The atypical antipsychotic asenapine has been reformulated for bipolar I disorder in children aged 10–17. The drug (trade name Saphris) was approved by the Food and Drug Administration (FDA) in 2009 for adults with schizophrenia and bipolar disorder. It is sometimes used as a treatment for mixed episodes (depression with some symptoms of mania).
The new formulation consists of 2.5mg tablets that are taken sublingually (under the tongue), and are available in a black cherry flavor. These can be prescribed as monotherapy for the acute treatment of manic or mixed episodes in children and teens.
In a recent retrospective study, people with bipolar disorder I, bipolar disorder II, and major depressive disorder were interviewed about a 14-year period of their illness, and several differences emerged.
People with bipolar disorder I described their illnesses as including more psychomotor retardation (slowing of movements) and more psychotic features. People with bipolar disorder II had more mixed states than both people with major depression and people with bipolar I disorder. They also had less psychomotor slowing than people with bipolar I disorder.
Another purpose of this study by Andrew Frankland and colleagues in the Journal of Clinical Psychiatry, was to determine the effectiveness of the Probabalistic Approach to Bipolar Disorder, a statistical method for differentiating diagnoses. The approach was successful in differentiating both bipolar subtypes from major depression, but not in differentiating between the bipolar subtypes.

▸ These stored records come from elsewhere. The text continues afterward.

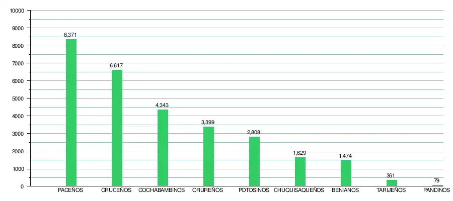 | Gráfica histórica de la inmigración boliviana en Chile por Departamento de Procedencia (Según el Censo de Bolivia de 2012) |
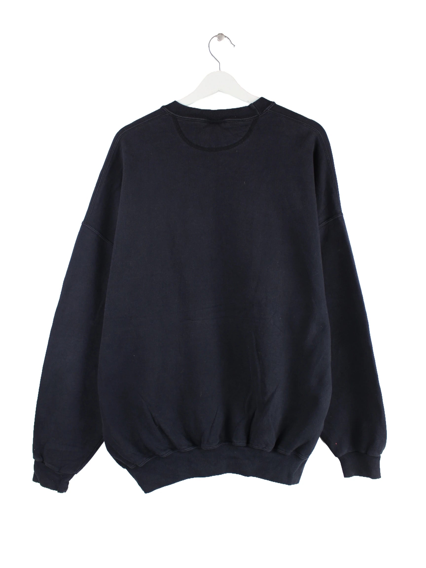 Schwarzer Vintage Sweater aus den 90'ern in Größe XXL. Er ist aus einer Baumwollmischung gefertigt und in gutem Zustand zu haben.
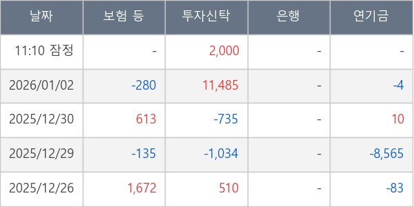 [표] 주요 기관별 순매매량 (단위 주)

While attention-deficit hyperactivity disorder (ADHD) is fairly common among people with bipolar disorder, the genetic risks of inheriting these two illnesses run separately in families. In a recent study of 465 people and 563 of their first-degree relatives by Susan Shur-Fen Gau and colleagues, people with bipolar I disorder were likely to have relatives with bipolar I disorder, and people with ADHD were likely to have relatives with ADHD, but ADHD did not increase risk of bipolar disorder and vice versa.

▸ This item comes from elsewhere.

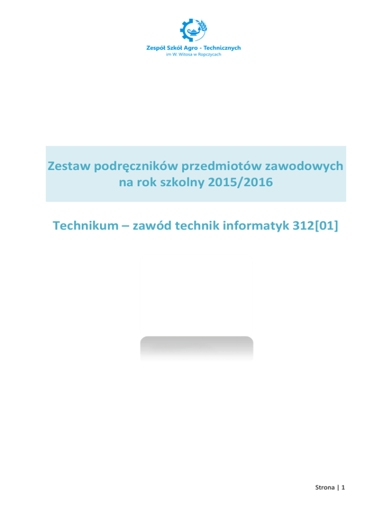 Zestaw podręczników przedmiotów zawodowych na rok szkolny 2015/2016 Technikum – zawód technik informatyk 312[01] Strona | 1 Podręczniki dla klasy pierwszej Przedmiot Autor Tytuł Technik informatyk Oprogramowanie biurowe Jolanta Pokorska Oprogramowanie biurowe Radosław Jaworski Technologia informacyjna Grażyna Koba Oprogramowanie biurowe Technologia informacyjna Systemy operacyjne i sieci komputerowe Paweł Bensel Technik informatyk Systemy operacyjne i sieci komputerowe Krzysztof Pytel, Sylwia Osetek Programowanie strukturalne i obiektowe Przemysław Domka, Małgorzata Łokioska Urządzenia techniki komputerowej Urządzenia Tomasz Marciniuk techniki komputerowej Wydawnictwo Okładka HELION Index 1 WSiP Index 2 MIGRA Index 3 HELION Index 4 WSiP Index 5 WSiP Index 6 WSiP Index 7 Oprogramowanie biurowe dla szkół ponadgimnazjalnych System i sieci komputerowe Systemy operacyjne i sieci komputerowe Część 1 Programowanie strukturalne i obiektowe Index 1 Index 2 Index 3 Index 5 Index 6 Index 7 Index 4 Tabela 1. Okładki książek z danego przedmiotu. Strona | 2 Podręczniki dla klasy drugiej Przedmiot Autor Oprogramowanie biurowe Jolanta Pokorska Oprogramowanie biurowe Radosław Jaworski Technologia informacyjna Grażyna Koba Oprogramowanie biurowe Technologia informacyjna Systemy operacyjne i sieci komputerowe Paweł Bensel Technik informatyk Systemy operacyjne i sieci komputerowe Krzysztof Pytel, Sylwia Osetek Programowanie strukturalne i obiektowe Przemysław Domka, Małgorzata Łokioska Urządzenia techniki komputerowej Multimedia i grafika komputerowa Multimedia i grafika komputerowa Tytuł Technik informatyk Wydawnictwo Okładka HELION Index 1 WSiP Index 2 MIGRA Index 3 HELION Index 4 WSiP Index 5 WSiP Index 6 WSiP Index 7 WSIP Index 8 HELION Index 9 Oprogramowanie biurowe dla szkół ponadgimnazjalnych System i sieci komputerowe Systemy operacyjne i sieci komputerowe Część 1 Programowanie strukturalne i obiektowe Urządzenia Tomasz Marciniuk techniki komputerowej Multimedia i Radosław grafika Jaworski komputerowa Technik informatyk Tomasz Rudny Multimedia i grafika komputerowa Index 1 Index 2 Index 3 Index 4 Index 5 Index 6 Index 7 Index 8 Strona | 3 Index 9 Tabela 2. Okładki książek z danego przedmiotu. Strona | 4 Podręczniki dla klasy trzeciej Przedmiot Systemy operacyjne i sieci komputerowe Autor Tytuł Paweł Bensel Krzysztof Pytel, Sylwia Osetek Programowanie strukturalne i obiektowe Przemysław Domka, Małgorzata Łokioska Index 1 Okładka HELION Index 1 WSiP Index 2 WSiP Index 3 HELION Index 4 WSIP Index 5 Technik informatyk System i sieci komputerowe Systemy operacyjne i sieci komputerowe Multimedia i grafika komputerowa Multimedia i grafika komputerowa Wydawnictwo Systemy operacyjne i sieci komputerowe Część 1 Programowanie strukturalne i obiektowe Tomasz Rudny Technik informatyk Multimedia i grafika komputerowa Multimedia i grafika komputerowa Radosław Jaworski Index 2 Index 3 Index 4 Index 5 Tabela 3. Okładki książek z danego przedmiotu. Strona | 5 Podręczniki dla klasy czwartej Przedmiot Systemy operacyjne i sieci komputerowe Autor Tytuł Paweł Bensel Krzysztof Pytel, Sylwia Osetek Programowanie strukturalne i obiektowe Przemysław Domka, Małgorzata Łokioska Index 1 Okładka HELION Index 1 WSiP Index 2 WSiP Index 3 HELION Index 4 WSIP Index 5 Technik informatyk System i sieci komputerowe Systemy operacyjne i sieci komputerowe Multimedia i grafika komputerowa Multimedia i grafika komputerowa Wydawnictwo Systemy operacyjne i sieci komputerowe Część 2 Programowanie strukturalne i obiektowe Tomasz Rudny Technik informatyk Multimedia i grafika komputerowa Multimedia i grafika komputerowa Radosław Jaworski Index 2 Index 3 Index 4 Index 5 Tabela 4. Okładki książek z danego przedmiotu. Strona | 6 Spis treści Podręczniki dla klasy pierwszej ........................................................................................................... 2 Podręczniki dla klasy drugiej ............................................................................................................... 3 Podręczniki dla klasy trzeciej ............................................................................................................... 5 Podręczniki dla klasy czwartej ............................................................................................................. 6 Strona | 7

The researchers hypothesize that other reasons people might develop both disorders include developmental precursors to the illnesses, neurocognitive functioning, sleep problems, and personality traits such as impulsivity and disinhibition.
Editor’s Note: At a recent scientific meeting, Gau and her colleague Kathleen Merikangas said that people with bipolar disorder in the study were five times more likely to have relatives with bipolar disorder. Bipolar disorder and ADHD were comorbid in 37.8% of those with bipolar I disorder, 16.4% in bipolar II disorder, 14% in depression, and 1.1% in normal controls.